ROCK HILL, S.C. (Sept. 27) — In a stunning development, it was reported yesterday that I have several cavities, some of which will require a simple filling but others that could need a full root canal.
Officials at Iredell Dental Care (IDC) made the surprising announcement following a routine cleaning and exam Monday afternoon. Even though I had a clean bill of dental health at my previous visit six months ago, now the dentist claims I need work done that could cost thousands of dollars.
“Are you serious?” I asked following the 45-minute-long appointment. “How can there be such a big change in such a short period?”
“I’m not sure,” said Dr.

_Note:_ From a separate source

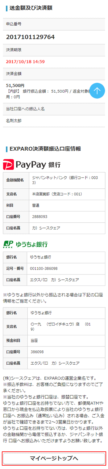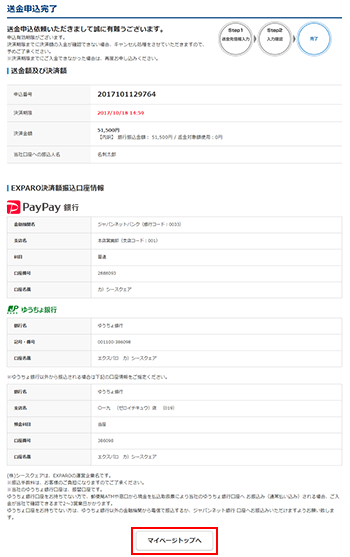 決済期限までにエクスパロ指定口座へ決済金額(送金金額+手数料)をお振込ください。
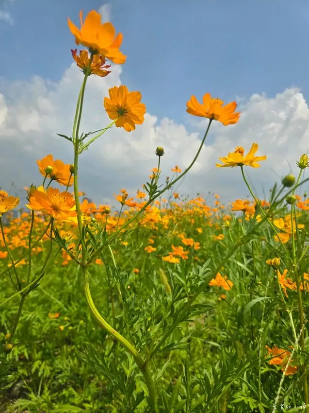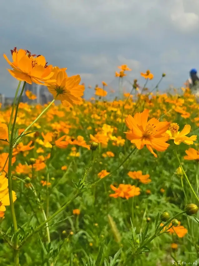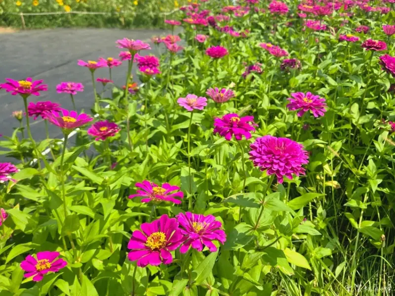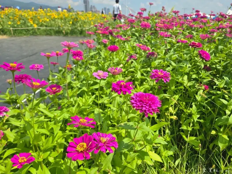 期間限定向日葵共18萬株,畢竟是主角佔比最大。這片花海中,還有百日草和金盞花一起綻放,株數雖然比不上向日葵,但其實一點也不遜色。

Leena Jones, who performed an examination that included jabbing at suspicious areas with a pointy metal thing. “Sometimes, cavities can develop quite quickly.”
In a Proposed Treatment Plan issued by IDC, I reportedly need a “posterior composite – 2 surface” on tooth number 2, a “composite resin, 1 surface” on tooth number 26, and a “posterior composite – 1 surface” on several other teeth. These procedures run between $139 and $204 each.
In addition, there’s a need for a “crown, porc. fused to high nobl” as well as “endodontics, 1 canal” on teeth 3, 22 and 27. Estimates for this work range from $647 to $997.
“Let’s see what your insurance would cover,” said the helpful lady (I think her name is Jane) at the front desk. “Oh, I’m so sorry. You’ve used up your 2011 allotment already. It was only $1,000 anyway.”
I’m tempted to get a second opinion from another, more-senior doctor who works with the practice. The lady dentist who performed my exam was certainly cute and friendly enough, and I freely acknowledge she’d be welcome in another setting to put her hands in my mouth.
However, the firm’s founding dentist — a man who’s about my age, and was probably pulling teeth before young Dr. Leena was born — has the gravitas I need to confirm the extensive work will be necessary. I’ll talk to him when I get a chance.
“What, do they think I just have thousands of dollars laying around to be spent on dental work?” I asked myself following yesterday’s visit. “They don’t even hurt. Why can’t I just wait till they hurt?”
According to WebMD, a delay in treatment could cause teeth which otherwise might be fixed with fillings to instead require the more-expensive root canal.
“Maybe I could just check a different online source,” I proposed.
Unfortunately, both Ask.com and a guy I play Farmville with confirm this likely scenario.
Dr. Leena did say that I might be able to prevent further cavities by improving my brushing stroke. She asked the dental hygienist to show me how to make a circular motion on the gum, then move the brush over the teeth “in the direction they grow.”
“You brush up for the bottom teeth and down for the top teeth,” said Angela Davis, hygienist and former vice-presidential candidate for the American Communist Party. “Like this. And make sure you do it every night before you go to bed.”
“What am I, some kind of child?” I wondered. “I know how to brush my own damn teeth.”
Dr. Leena also gave me a script for “prescription toothpaste,” marketed under the name “Prevident 5000.” Like I’m going to show up at some pharmacy and ask for prescription toothpaste.
“Maybe I can alter the script to get Vicodin,” I speculated.
IHC said I could study the Proposed Treatment Plan and get back to them about what I wanted to do. However, according to the fine print at the bottom of the page, “the above services and fees are valid for 90 days.”
“I don’t have $3,576 now, and I’m not likely to find it in the next three months,” I countered. “It’d be cheaper to hire someone to chew for me, then feed me like a baby bird.”